Вероника щебетала о чем-то своем. Я же спокойно вращал в башке мысли. Здорово, что прошла зима, весна вот. А сейчас, хоть и жара самаркандская, но календарно все-таки конец весны. И как знатный фенолог, берусь утверждать, что зима – это дикая глухая пьянка. А вот весна – это светлая опохмелка, когда после утреннего принятия пива неожиданно голубеет небо и растрепанные от солнечного счастья воробьи вдохновенно чирикают бетховенскую «Оду к радости»!

Я вспомнил, как однажды весной, да, конечно, это было именно весной, я встретился, не доходя до иняза, со своим другом Игорем. Оба грязные, встревоженно-взъерошенные, как две болотные выхухоли, чудом избежавшие разделки на воротники. От похмелья глаза у обоих перманентно выражали недоумение. Вокруг были проплешины бурого снега, удобряемого вонючими струями прорванной канализации. На небе грязно-блевотные тучи грозили мировым катаклизмом. Мы сели на лавочку и нахохлились. В институт идти не было ни малейшей возможности. Игорь крякнул и пополз в магазин. Минут через семь мы были обладателями шипучего вина «Салют». Мы осторожно, морщась от пузырьков, глотнули. Потом еще и еще. И тогда впервые я заметил, как вокруг нас, прямо на глазах, меняется мир. По улице заспешили по своим делам люди-братья. Тучи тотчас же распахнулись, и засияло радостное солнышко. Канализационные стоки заискрились и превратились в певучие весенние ручейки. Наши пожеванные лица распрямились, как у плакатных строителей коммунизма. Метаморфозы! Видимо, та мимолетная радость сиюминутных, волшебных превращений и привела меня потом к периодическим запоям. Но тот миг изменения в природе и собственном организме я запомнил навсегда.

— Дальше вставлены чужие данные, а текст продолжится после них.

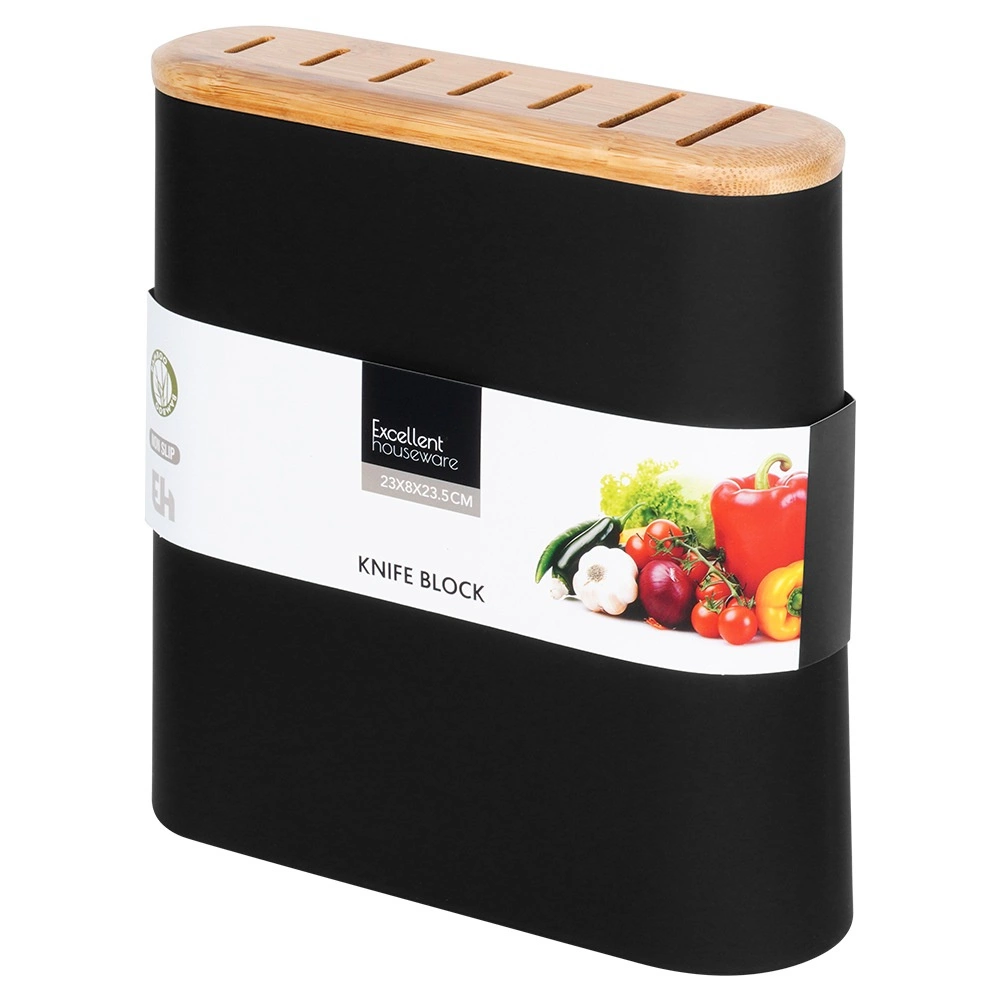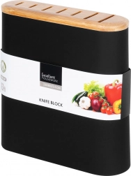Stilfuld og funktionel knivholder i størrelsen 23 × 8 × 23,5 cm, som sikrer overskuelig, sikker og hygiejnisk opbevaring af knive – fra stål over keramik til kombinationer. Den matte sorte krop med behagelig soft touch-overflade og øvre del i bambus med slots er et tidløst tilbehør til ethvert køkken.
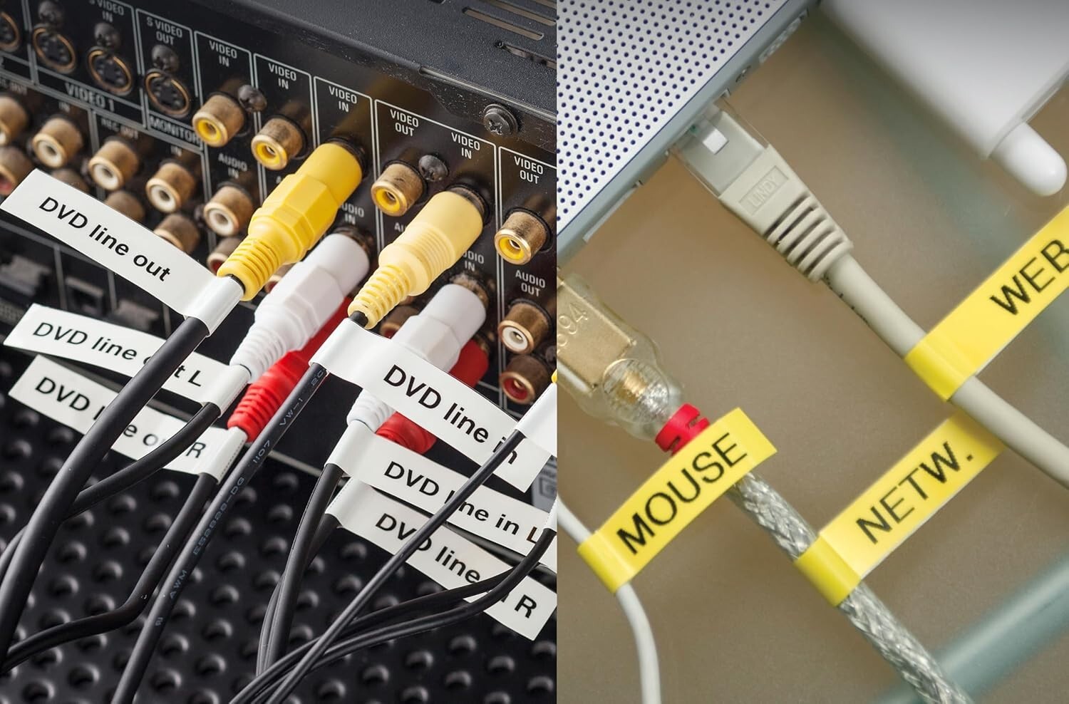 Flag labels are especially popular here—they make it easy to identify both ends of a cable without disturbing the bundle. Combine that with a Brother P-touch PT-E300 or PT-D610BT label maker, and you’ll have professional, color-coded results in seconds.
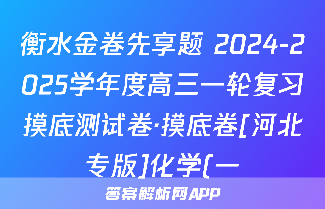 衡水金卷先享题 2024-2025学年度高三一轮复习摸底测试卷·摸底卷[河北专版]化学(一)1试题正在持续更新,目前2026届海淀八模答案网为大家整理了相关试题及答案,供大家查缺补漏,高效提升成绩。
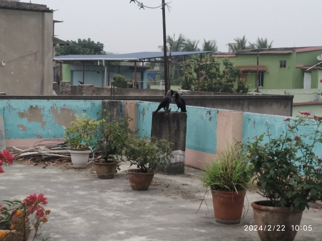 Suddenly I noticed the crows landing on the walls of the roof. They were having an assembly meeting. In the centre one crow thrashed the other crow. I drove them away to occupy my seat. While they left in anger few were still there.
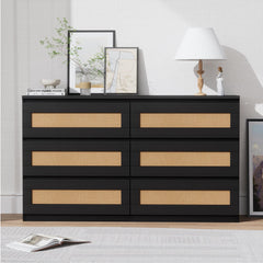 Garvee Rattan Dresser for Bedroom - 6 Drawer, Anti-Tip Kit, Smooth Slide Rail, MDF Wood, White - Bedroom, Hallway, Living Room
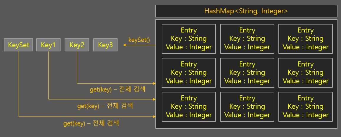 keySet() 메소드를 실행해 Key값으로 이루어진 Set을 받아 순회하는 것까지는 별 상관이 없습니다. 하지만 그 이후 다시 get(key)를 해버리면 Set과 관계없이 다시 HashMap으로 가서 해당 Key가 가진 Value를 찾는 작업을 계속 반복하게 된다는 의미입니다.

Я глотнул водки еще. Гипсовый Ленин не подавал признаков жизни, лишь безучастно смотрел пустыми глазенками. Расслабленный организм обнаружил в башке дебильные строчки то ли из Николая Доризо, то ли из Евтушенко:

Ильич… Мне кажется, что где-то,

В том мире колыбельных снов,

Произносил я имя это

Еще до всех на свете слов.

Слова потом,

А он – вначале…

Нет, дальше не помню. Господи, какой бред! Девушка, услышав мое бормотание, встрепенулась:

– Что-что, Коль, я не расслышала?

– Ничего, и не вздумай запомнить. Хватит того, что у меня этой ересью все мозги проканифолены. Слушай, Вероник, вот я тебя не спрашиваю, как ты дошла до жизни такой. Это глупо. Я могу навскидку сообразить с десяток причин. Родителей ты, скорее всего, толком не видела. Изредка проскальзывает лишь мать. Из самых близких у тебя, наверное, только бабушка.

У Вероники округлились до карманного фонарика глаза.

– Откуда ты знаешь?

– Да ладно, трахнул тебя, скорее всего, отчим, однажды заехавший с матерью в гости. И ты обиделась на весь мир и начала трахаться напропалую. Или продвинутый деревенский одноклассник, а ты была в него влюблена, как белка в колесо. А он, естественно, оказался такой сволочью. Потом по проторенной дорожке потянулись другие товарищи. А однажды одна продвинутая подруга по секрету сообщила важную информацию. Что тут, дура, ты просто так всем даешь, а в Москве за это деньги платят. Ну, или что-то в этом роде. Можешь просто кивнуть, если хоть на треть я прав!

Вероника погрустнела и мотнула башкой.

– Кстати, на фига тебе столько денег сразу, или ты еще к тому же профессиональная воровка?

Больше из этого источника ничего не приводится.